Recent research shows that expanding the pool of board candidates isn’t diluting the level of talent, one of the potential affects cited by those opposed to diversifying boards.
Kathleen Kahle, the Thomas C. Moses Professor of Finance in the Eller College of Management at the University of Arizona, has been working with several colleagues on closely tracking compliance with SB 826.
Their research includes a working paper that compares the skills and qualifications of men and women appointed to boards before and after the law. While women appointed as directors both before and after SB 826 are less likely to have CEO experience than their male counterparts, they are just as qualified in terms of C-suite experience, Kahle said.
To any assertions that the reason there aren’t more women on boards is because there aren’t enough qualified women, Kahle said, that research shows that “just doesn’t seem to be a problem.”
Pathway to parity
With the clock ticking to the end-of-year deadlines for adding more women and people from underrepresented groups to boards, organizations like the California Partners Project are continuing their efforts to understand and overcome hurdles business leaders say they face.
The group — co-founded by Jennifer Siebel Newsom, wife of Gov. Gavin Newsom, and Executive Director Olivia Morgan — focuses on promoting gender equity as one of its core causes.
The group’s October 2020 “Claim Your Seat” report examined the gender diversity of the 650 publicly traded companies based in California and traded on the NYSE or Nasdaq. It found that while nearly 30% of California company boards were all male in 2018, that number dropped to less than 3% at the time of the analysis. It’s now less than 1%, Morgan said.
But there’s still another large shift needed: Looking to the increased gender diversity requirements that boards must meet by the end of 2021, the report found 72% of companies would need another one or more women to join their boards to be compliant.
The California Partners Project is also working with Equilar and the Latino Corporate Directors Association to release a report this year assessing the impact of SB 826 on boards through a race an dethnicity lens.
The organization led a series of focus groups last fall with some 40 business leaders to talk about the most powerful, convincing arguments for having a diverse board of directors and to understand what the challenges are to diversifying.
What kept coming up was that the people — mostly men — who were already on boards weren’t sure how to get beyond their “first circle of trust” of the people they know and have worked with firsthand.
“That’s something we’d like to focus on and help folks acknowledge and help business leaders see, that as much as they are successful taking other risks in their corporate work — and that might be something they value — that reaching beyond your first circle of contacts to add a board director is a much smaller risk with a much greater reward than other business risks that they take,” Morgan said.
When she’s making that pitch, she reminds leaders that not accessing all the talent, vision and experience people have to offer is a huge opportunity to miss out on.
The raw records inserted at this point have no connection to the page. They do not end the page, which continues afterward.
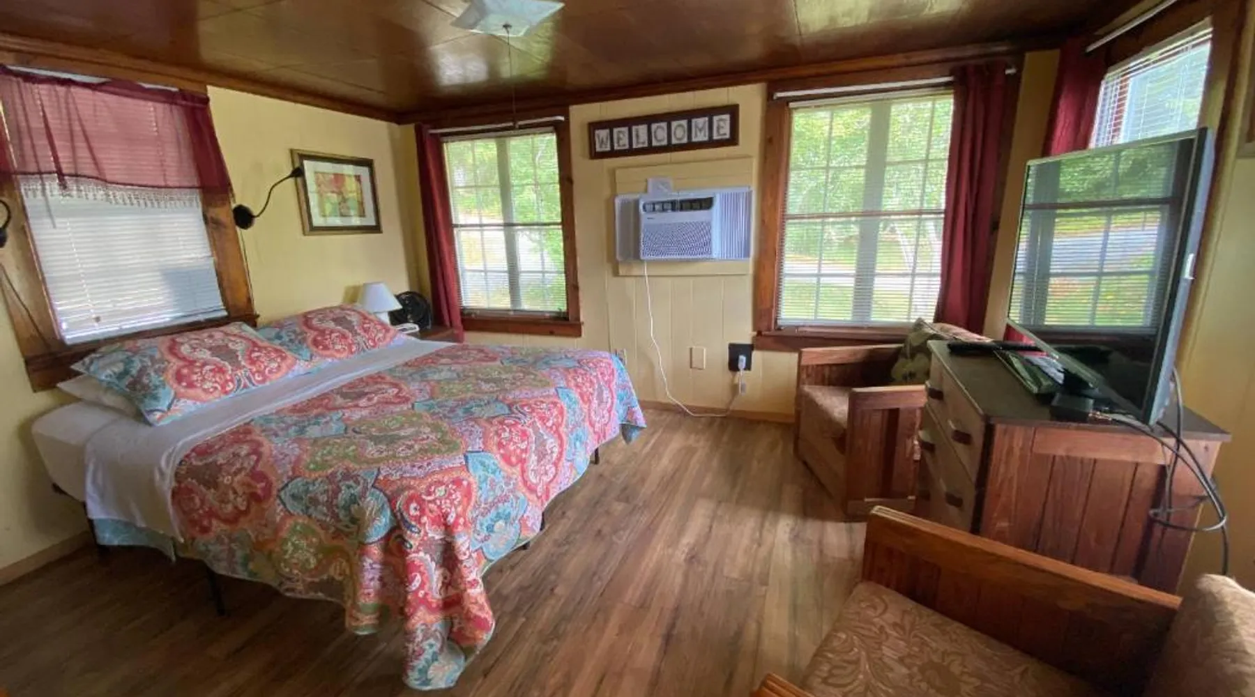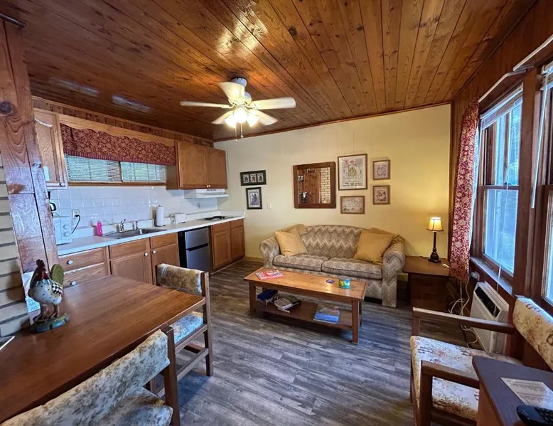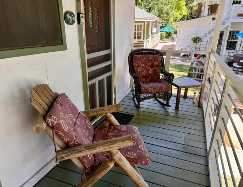 Comfortable Accommodations: Mountain Lake Cottages in Hendersonville offers apartment-style accommodations with garden and lake views. Each unit features a private bathroom, kitchenette, and balcony. Outdoor Amenities: Guests can enjoy a garden, outdoor fireplace, play area, and seating areas. Additional facilities include barbecue areas, picnic spots, and outdoor dining areas. Convenient Location: Located 15 mi from Asheville Regional Airport, the property is near attractions such as Biltmore Estate (27 mi) and North Carolina Arboretum (22 mi). Free on-site private parking is available. Guest Satisfaction: Highly rated by guests for its excellent facilities and scenic views. Featuring a private entrance, this air-conditioned suite consists of a kitchenette, 1 bedroom and 1 bathroom with a shower and a hairdryer. The fully equipped kitchenette features a stovetop, a refrigerator, kitchenware and a microwave. Boasting a balcony with garden views, this suite also provides a coffee machine and a flat-screen TV with cable channels. The unit offers 1 bed.
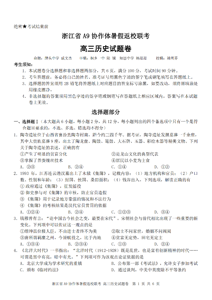 高三历史--浙江省A9协作体2026届高三8月暑假返校联考
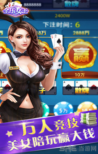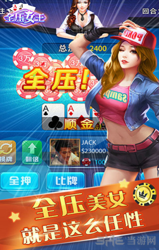 全压女王是一款以极具人气的炸金花为题材而打造的扑克竞技棋牌类手游,游戏在保留了传统的玩法精髓基础上进行了大量的创新改进,使得游戏过程更加富有激情与乐趣,完成屌丝向土豪的惊天大逆袭,赶快下载来当土豪吧!游戏介绍《全压女王》是一款休闲类棋牌游戏,规则简单有趣极易上手,加之其娱乐性极强的特点,受广大棋牌爱好者的青睐。现在不管你是新手,还是资深的棋牌大师都需要考验胆略和智慧,外加上一点小运气。推陈出新的玩法才能俘获玩家的心,游戏保留标准的玩法外,还新增了“淘金场”、“万人场”、“娱乐场”,在此都能体验一把尔虞我诈的刺激快感,下一个赌神就是你!游戏特点1.经典模式:传统经典玩法比拼运气和智慧2.火拼模式:一掷千金豪赌爽,无限投注欢乐多,体验过山车般的刺激3.娱乐模式:玩累了可以来这里休闲娱乐4.时时彩:买的多,赢得多,一夜暴富成就土豪不是梦想5.全免费:应用完全免费
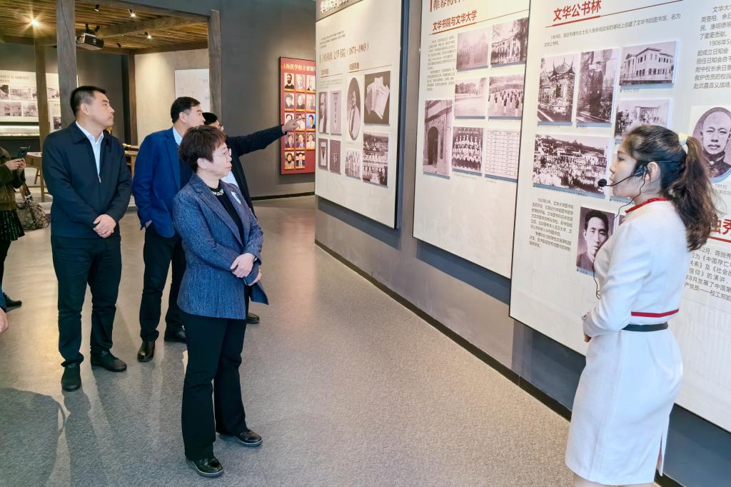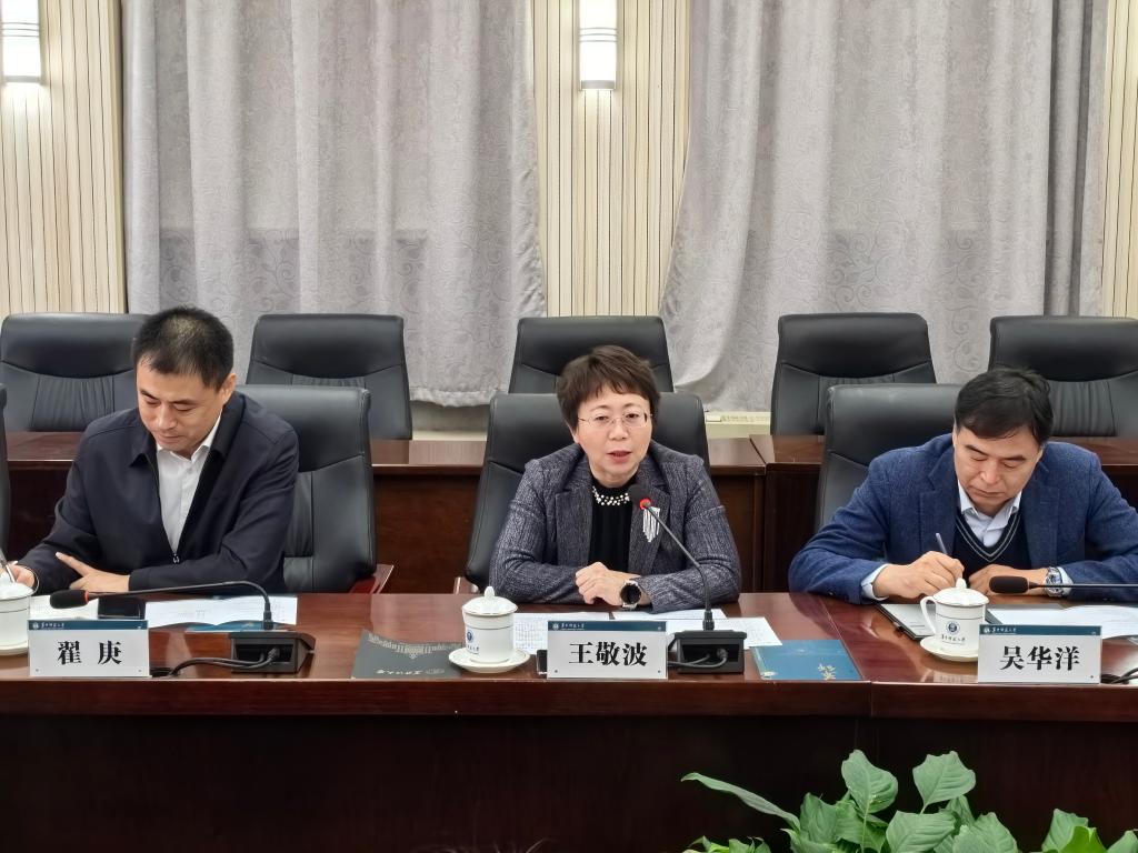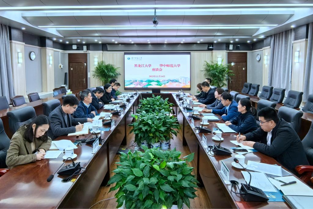 在華中師范大學(xué),彭雙階副校長代表華中師范大學(xué)向王敬波校長一行表示熱烈歡迎,期待雙方以此次調(diào)研為契機(jī),積極探索更寬領(lǐng)域更深層次的互動(dòng)合作和資源共享,共同譜寫共建共贏發(fā)展的嶄新篇章。王敬波校長一行首先參觀了教育大數(shù)據(jù)應(yīng)用技術(shù)國家工程研究中心和華中師范大學(xué)校史館。隨后,圍繞學(xué)科專業(yè)優(yōu)化調(diào)整和交叉融合、校院兩級管理、人才引育留用機(jī)制、教育數(shù)字化轉(zhuǎn)型、重點(diǎn)馬克思主義學(xué)院建設(shè)等方面工作與華中師范大學(xué)有關(guān)部門開展了廣泛研討。
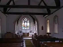 The church consists of a nave, with a south porch, chancel and tower. The nave is in three bays, marked on the outside by buttresses. The inner stonework of the windows dates from the Victorian restoration. The window in the second bay on the north has some ancient exterior stonework remaining.[1] The squat tower is rendered and has diagonal buttresses.[2] It was built around 1545, but an earlier tower may have been either planned or actually built. The evidence for this is in the sixteenth century Perpendicular style tower arch which sits on apparently fourteenth century shafts which are too small for it, leading to an awkward appearance.[1][2][3] The chancel dates entirely from the restoration of 1863.[2] It has fourteenth century style windows and a buttress in the middle of the north and south walls. The chancel arch is fourteenth century.[1][2][3]
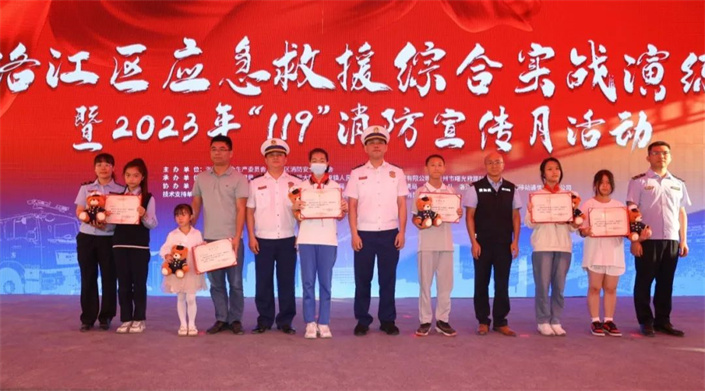 2023年“119”消防宣传月活动中,与会领导为洛江区“热心消防公益事业”先进个人和洛江区在市第二届“小小消防员”儿童绘画作文大赛中获奖人员颁发证书和纪念品。
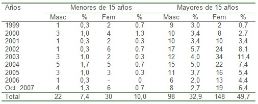En la tabla 1 se muestra la distribución de taeniosis según años, siendo los años donde mayor número de casos se reportaron 2002, 2003 y 2004, para un total de 298, con una tasa de incidencia de 4.1, resultados similares obtuvieron en investigaciones Suarez Hernández y Cruz Licea; en los años sucesivos se aprecia una ligera disminución de los mismos posiblemente relacionada con el incremento de las acciones de educación sanitaria realizadas por el personal de salud con la población en general.
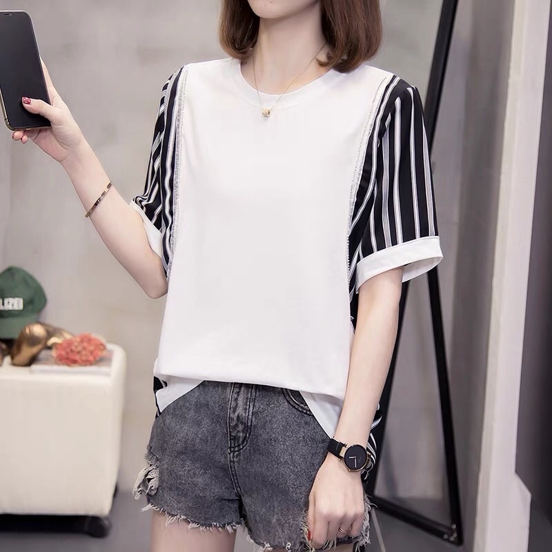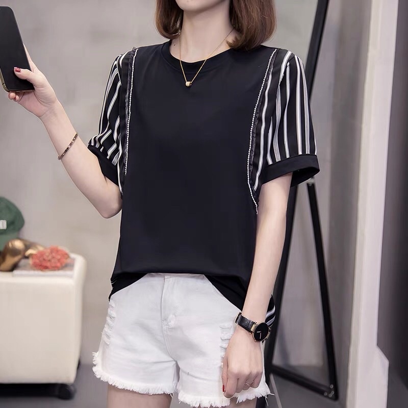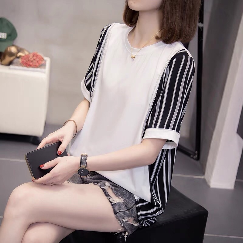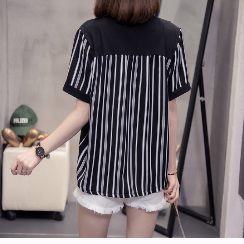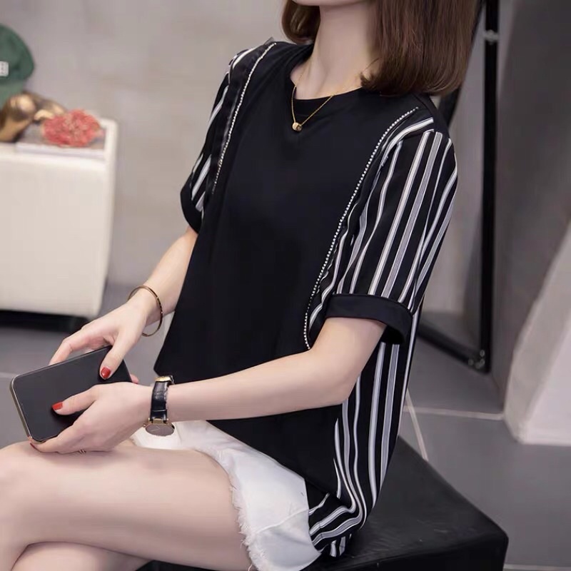 XL-4XL Plus Size Stripped women Casual Working Blouse for Everyday Round beck short Sleeve
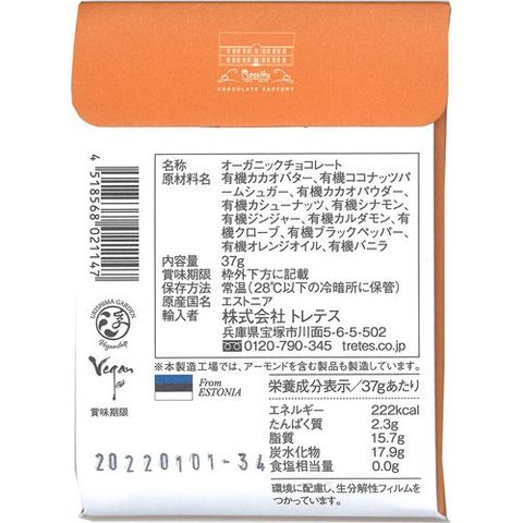 | 有機カカオバター、有機ココナッツパームシュガー、有機カカオパウダー、有機カシューナッツ、有機シナモン、有機ジンジャー、有機カルダモン、有機クローブ、有機ブラックペッパー、有機オレンジオイル、有機バニラ |
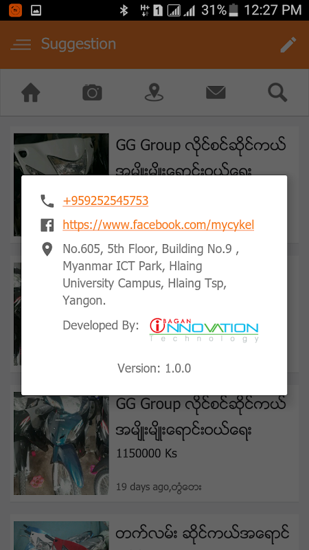 ျမန္မာႏိုင္ငံ၏ ပထမဆံုးေသာ ဆိုင္ကယ္ ဝယ္ေရာင္း Mobile Application ျဖစ္ပါတယ္။ ဆိုင္ကယ္ အမ်ိဳးအစားေပါင္းမ်ားစြာ ကို တစ္ေနရာထဲမွာ ၾကည့္ရွုႏိုင္မွာပါ။
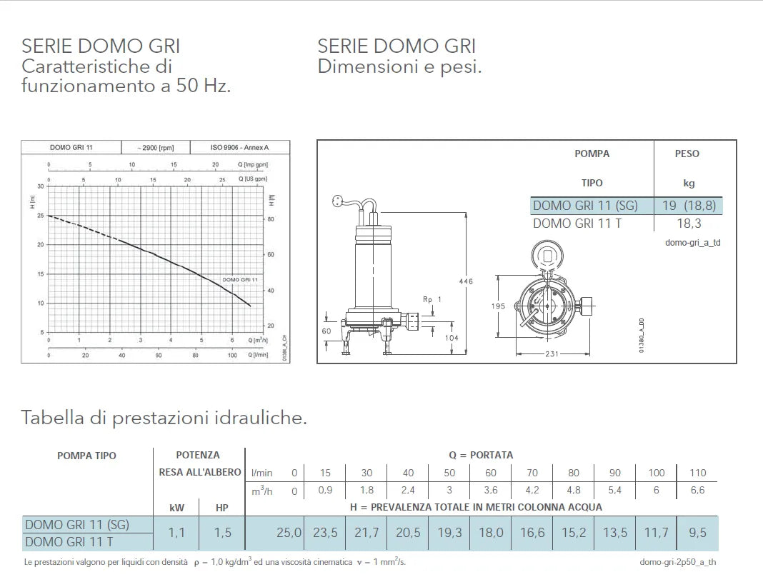 Pompa DOMO GRI 11T sommergibile trituratrice drenaggio acque sporche trifase.Le elettropompe della serie DOMO GRI sono equipaggiate con un sistema... Per saperne di più
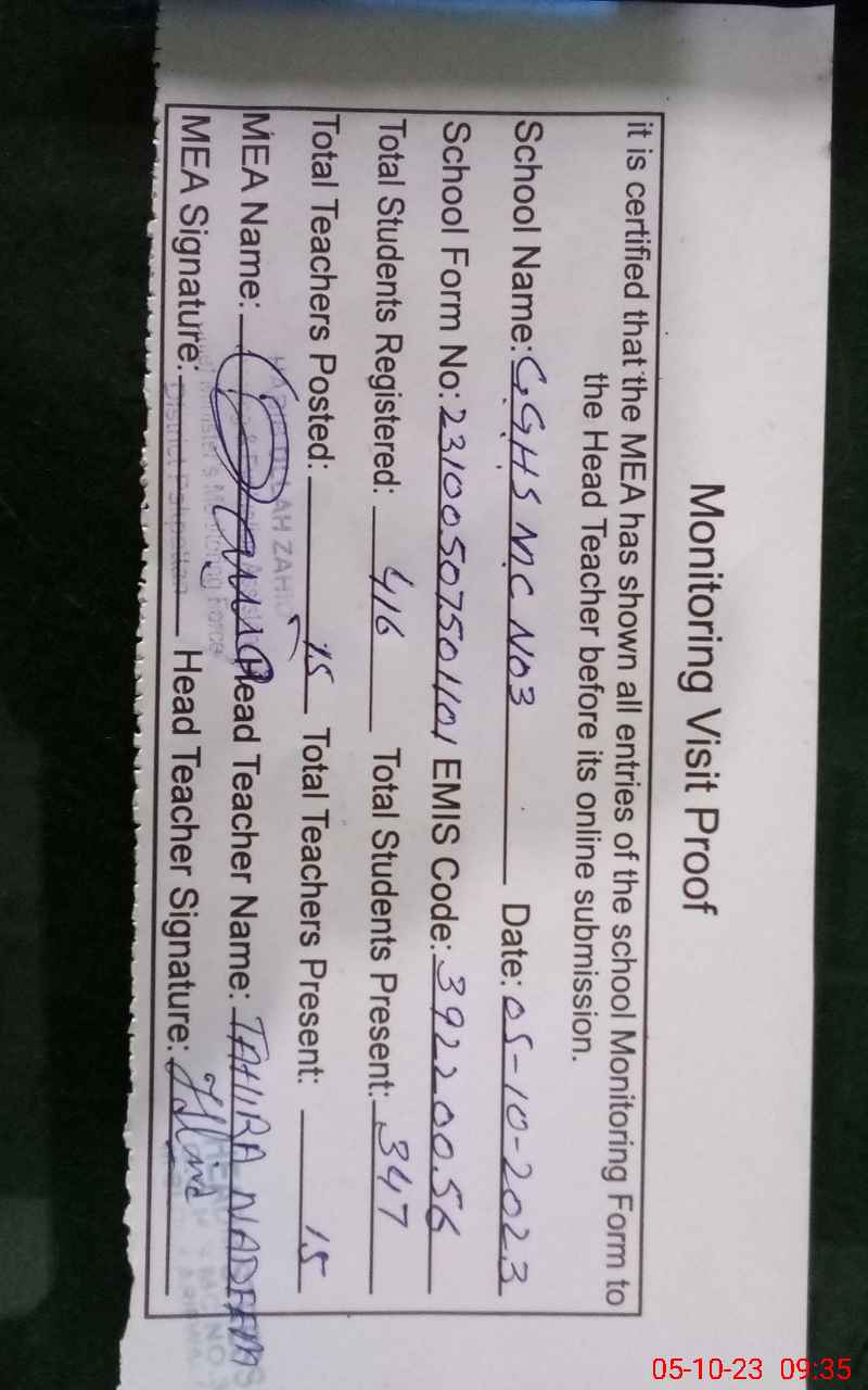 | EMIS Code: 39220056 | Name of School: GGHS MC NO.3 M BLOCK ARIFWALA | |||
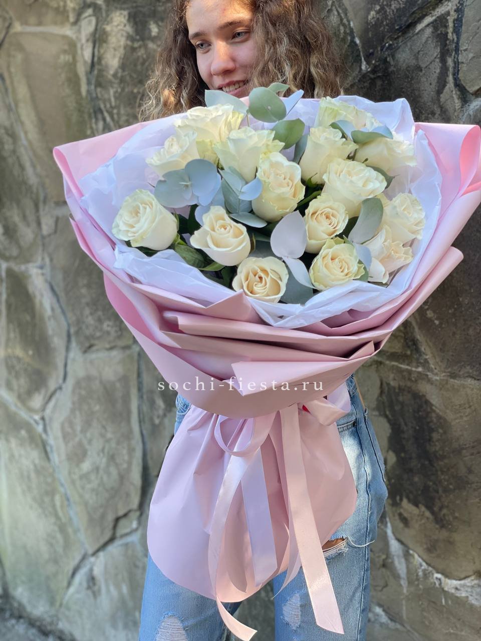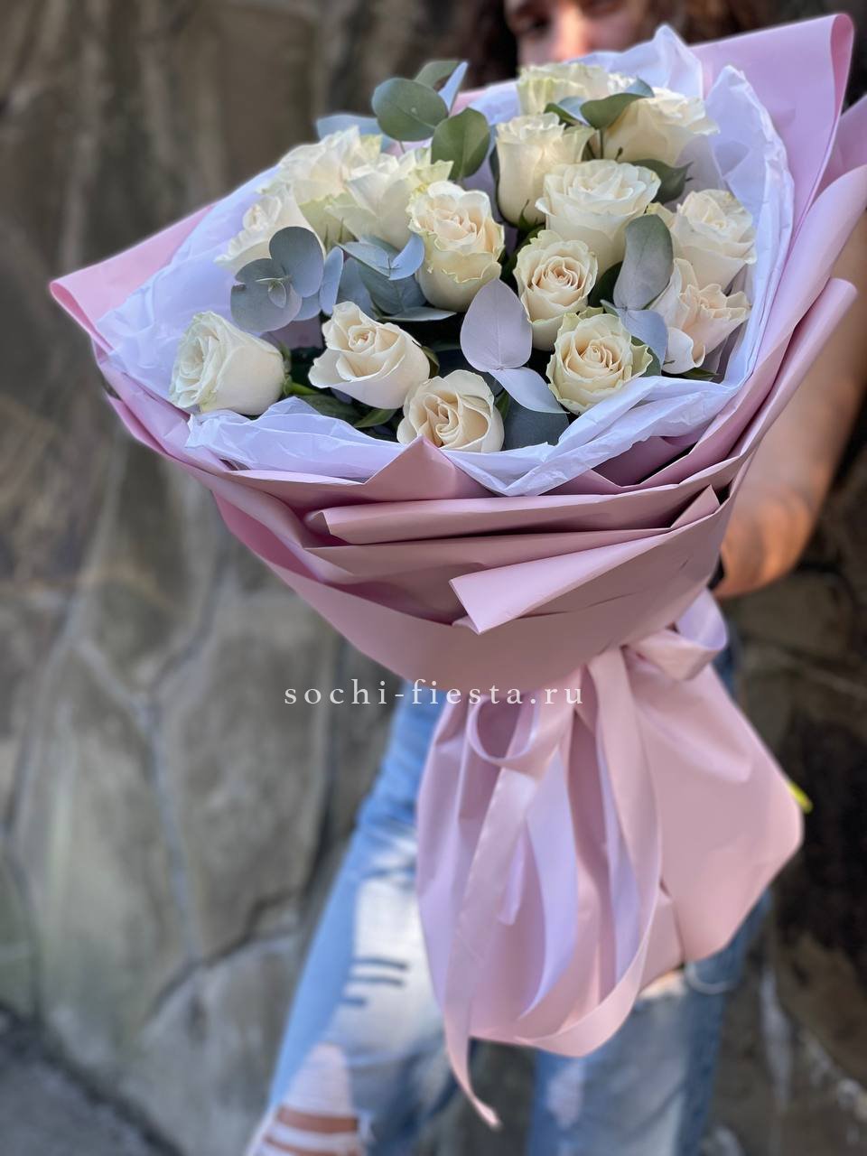 Для заказа товара "Белые розы в авторском оформлении" с доставкой в Кирове нажмите в корзину
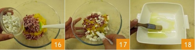 Also pour the drained mozzarella into the bowl 16 and mix everything together 17. At this point, oil an 8x8 inch square baking dish 18.
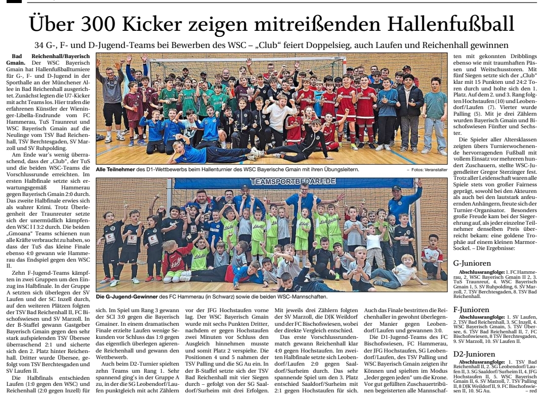 In einer unterhaltsamen Begegnung drehte die C2 Jugend (SG) Laufen/Leobendorf II (9) o.W. einen frühen Rückstand und besiegte die DJK Weildorf (9) deutlich mit 4:1.Die Gäste aus Weildorf erwischten den besseren Start und gingen in der 17. Minute durch Simon Unterrainer mit 1:0 in Führung. Die Spielgemeinschaft zeigte sich jedoch unbeeindruckt und glich noch vor der Pause in der 29. Minute aus, ehe sie die Partie in der 40. Minute mit dem Treffer zum 2:1 komplett drehte. Auch nach dem Seitenwechsel blieben die Hausherren spielbestimmend und schraubten das Ergebnis durch Tore in der 50. und 62. Minute zum verdienten Endstand in die Höhe. Interessanterweise wird die (SG) Laufen/Leobendorf II trotz dieses deutlichen Erfolgs in der Tabelle weiterhin auf dem neunten Platz ohne Punkte geführt, was auf den Status „o.W.“ (ohne Wertung) hindeutet, während die DJK Weildorf nach ihrem ersten Saisonspiel vorerst Rang zwei belegt.

She asks them: Would they leave other resources on the table? “You’re just leaving all of that value untapped,” she tells anyone who’s wary.
For those who have taken that perceived risk of looking outside of their circle, Morgan noted, she’s never heard of a case where it did not work out.
“The only anecdotes that we hear are folks who add a diverse perspective to their board — whether it’s a woman or a person of color to a board that previously didn’t have that — they realized it really is good to have a new perspective, a new skill set, a new voice at the table,” Morgan said.